See [`docs/benchmarks.md`](docs/benchmarks.md) for methodology, competitive analysis, and literature comparison.
### KMS Attestation Audit Results
Verified on real Nitro hardware (m6i.xlarge, Feb 2026) using a KMS key with `kms:RecipientAttestation:ImageSha384` condition and key-policy-only evaluation (no root account statement, no IAM bypass path).
**Debug vs non-debug mode:** Enclaves launched with `--debug-mode` have all PCR values zeroed in their attestation documents. PCR-conditioned KMS policies cannot match in debug mode — the condition compares the policy's PCR0 hash against all-zeros, which never matches. Production (non-debug) enclaves carry real PCR values derived from the EIF contents.

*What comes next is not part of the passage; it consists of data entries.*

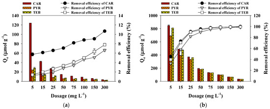 Effects of adsorbent dosages on the removal efficiency of CAR, PYR, and TEB by (a) PSB and (b) PSBOX-A (agitation speed = 150 rpm; initial concentration of each fungicide = 10 μM; contact time = 24 h; temperature = 25 °C; pH = 7.0).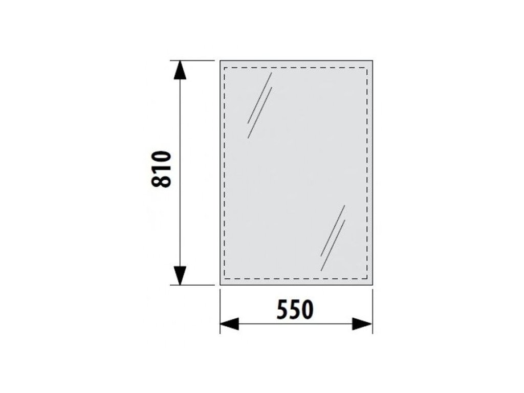 Zrcadlo včetně úchytů na zeď, nelze otočit o 90 stupňů. Fazeta 5 mm, na hliníkovém rámečku 3 stranném, s možností doplnění o světlo a vyhřívací fólii do rozměru 574 × 274 mm.Doplňkové parametry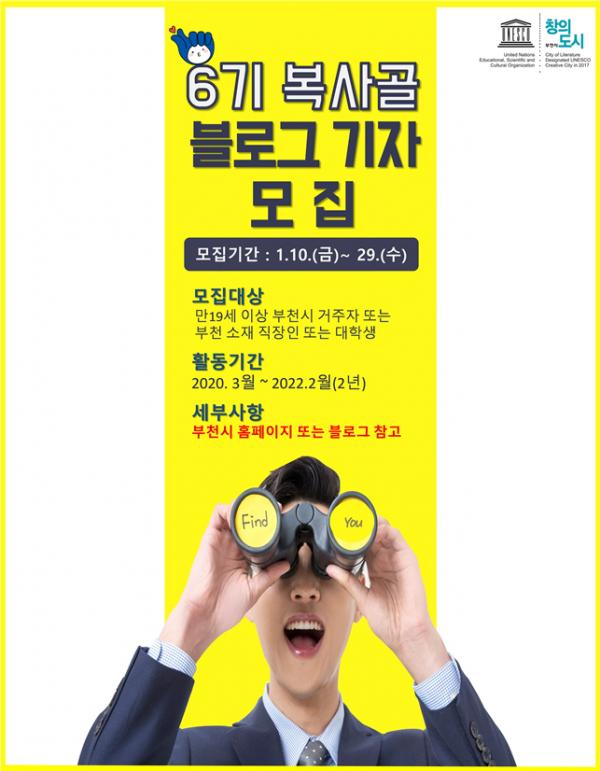 부천시가 다양한 콘텐츠를 통해 시정에 대한 관심과 이해를 높이고 공감을 이끌어낼 ‘6기 복사골 블로그 기자단’을 모집한다.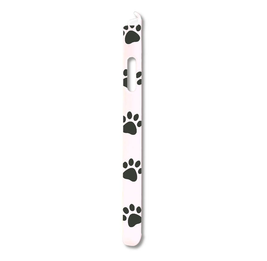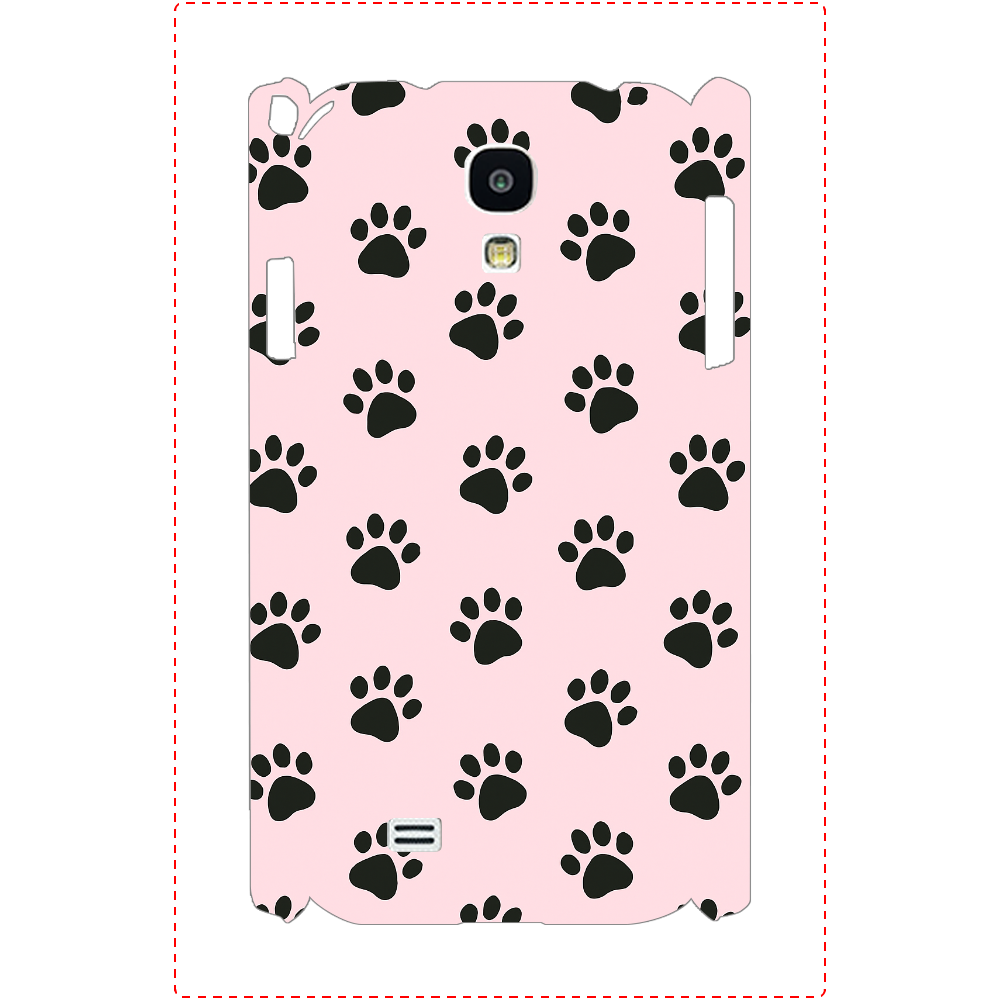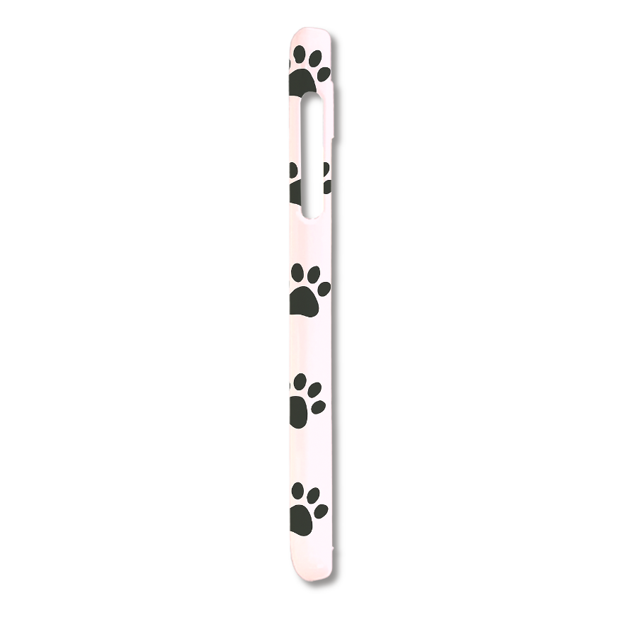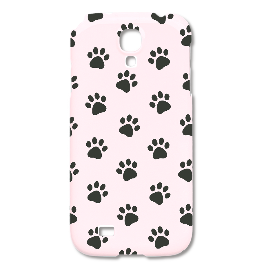 淡いピンクの背景に黒い肉球模様を散りばめた、キュートで癒し感たっぷりのスマホケース。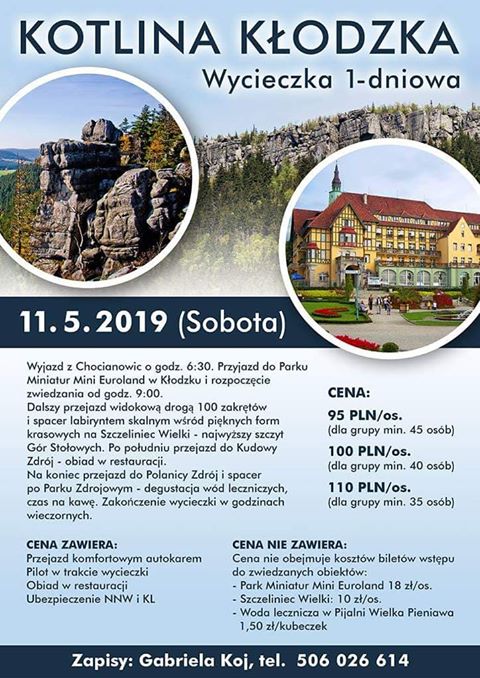 W sobotę 11 maja 2019 planowany jest jednodniowy wyjazd do Kotliny Kłodzkiej – szczegóły na plakacie!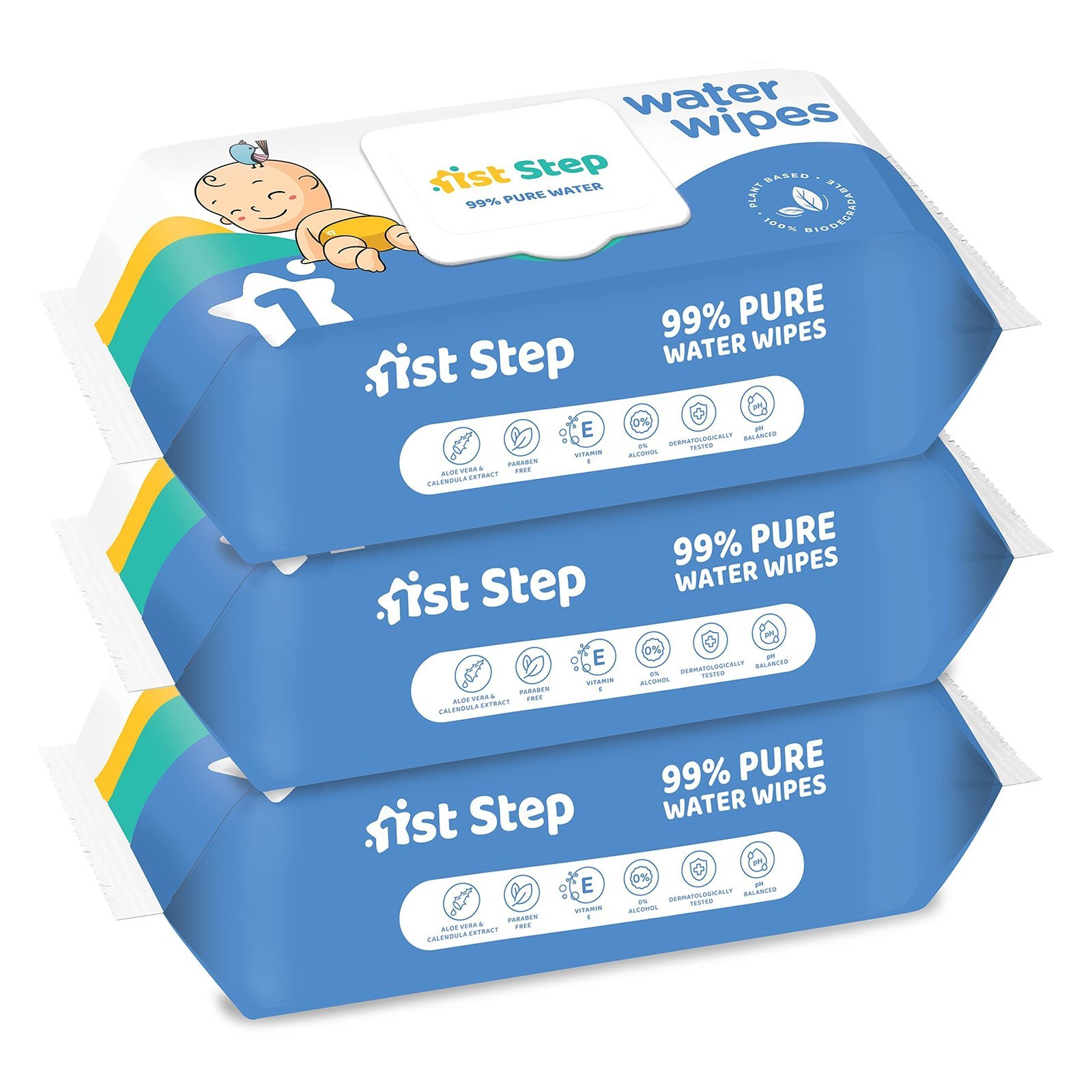 1st Step 99% Pure Water Baby Wipes with lid I Dermatologically Tested | Alcohol Free Baby wipes |72 pcs/Pack – Pack of 3 Combo – 216 Wipes – Fast Shipping to USA & Canada

**PCR0 enforcement evidence (non-debug mode):**
| Scenario | Result |
|----------|--------|
| Correct PCR0, valid attestation | Success (key released) |
| Wrong PCR0, valid attestation | `AccessDeniedException` |
| No attestation (recipient absent) | `AccessDeniedException` |
| Malformed attestation (random bytes) | `ValidationException` |
| Bit-flipped attestation (1 byte changed) | `ValidationException` |
CloudTrail confirms non-zero `attestationDocumentEnclaveImageDigest` for successful calls and no recipient data for denied calls.
**Replay semantics:** KMS accepts replayed attestation documents — resubmitting a previously successful attestation doc produces another successful key release. KMS validates the COSE_Sign1 signature and PCR values but does not enforce freshness (no nonce binding or timestamp check on the attestation document itself).
### Final Benchmark Release Gate (KMS-Enforced)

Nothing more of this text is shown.